As we walk towards the Temple, a ‘Golden Beauty’ which appears to float on a bed of holy water. I am in awe and my feet have lost all feeling. There are people dipping themselves in the water, that is devotion 100% I seem to be the only white person, but I feel I can belong here as much as anyone. It is a holy place and everyone is welcome. We queue on a walkway over the water towards the Temple. A Man and his Wife talk to me as we wait to enter. She excitedly tells me this is the holiest place in the world. Once inside I welcome the warmth of the carpet under my feet. It was bliss. We move slowly with the other people. It is magical.
In 1984 parts of the temple were destroyed when Indian guards stormed the temple. http://news.bbc.co.uk/onthisday/hi/dates/stories/june/6/newsid_2499000/2499341.stm
Hard to believe looking at it now that over 1000 people died here in 1984. I have walked over many gravesites on this trip and I feel sad. Our humanity has a lot to answer for. All we can do is pray, says the lovely man in a blue turban who is explaining it all to me. I fear it is not praying that is going to solve the world’s problems but the wake-up call we all need to listen to. As we leave the temple we move quickly towards a large hall where people are guided to sit cross-legged in lines. I have picked up my metal plate and about to be served the most delicious food. The rice pudding especially was warming and sweet. The food is served by volunteers and people come here for a free meal. As soon as we are finished we are ushered on so more people can eat. Summit and Nitin are both happy they have enjoyed their free meal. I am excited, I am getting my socks back.

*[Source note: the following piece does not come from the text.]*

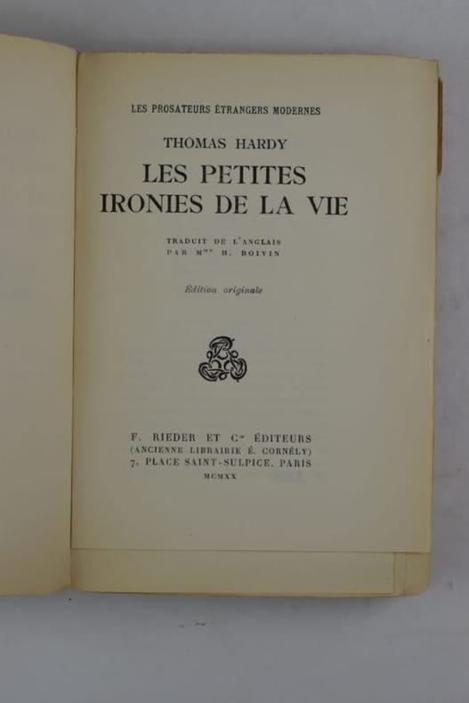 Paris, F. Rieder et Cie (Ancienne Librairie É. Cornély), 1920. 198 x 130 mm, 300-(4) pp. Broché, ex. à toutes marges, dos insolé, petits défauts au dos, couvertures et dos empoussiérés, couvertures détachées en haut et en bas, exemplaire à toutes marges. Tirage à 437 exemplaires, 1 des 430 exemplaires sur vergé pur fil numérotés de 31 à 430, n° 188.

As we returned back to our hotel we saw the entrance to Jallianwala Bagh. This was the park where British General Dyer in 1919, ordered troops of the British Indian Army to fire on an unsuspecting crowd of unarmed men women and children. He killed over 400 people including 41 children. Before I knew it I was following Summit and Nitin down the alleyway where so many poor soles had tried to escape the massacre. I had read about this event previously and was shocked that General Dyer, was given a medal by the British for his despicable services. Evidence of the bullet holes can still be seen. Sadly it has become a tourist attraction as people pose for photographs in front of the wall, but no more than other places I have visited recently where atrocities have also taken place. Nevertheless, we must still respect those who have suffered and make sure things like this never happen again and are not forgotten.
I do not know much about the Sikh religion but I am obviously inspired to ask questions. Travelling does that to you. It opens your awareness, inspires you to learn and more importantly, tolerate others and their customs. I know of people who would have said no to this experience I had visiting the temple. The suffering of cold feet was painful but I tolerated it. After a while you forget it. It is not really tolerating, it is accepting. If religion and politics could just accept we are all different without question, then perhaps we could all live a golden life together under one big temple of PEACE.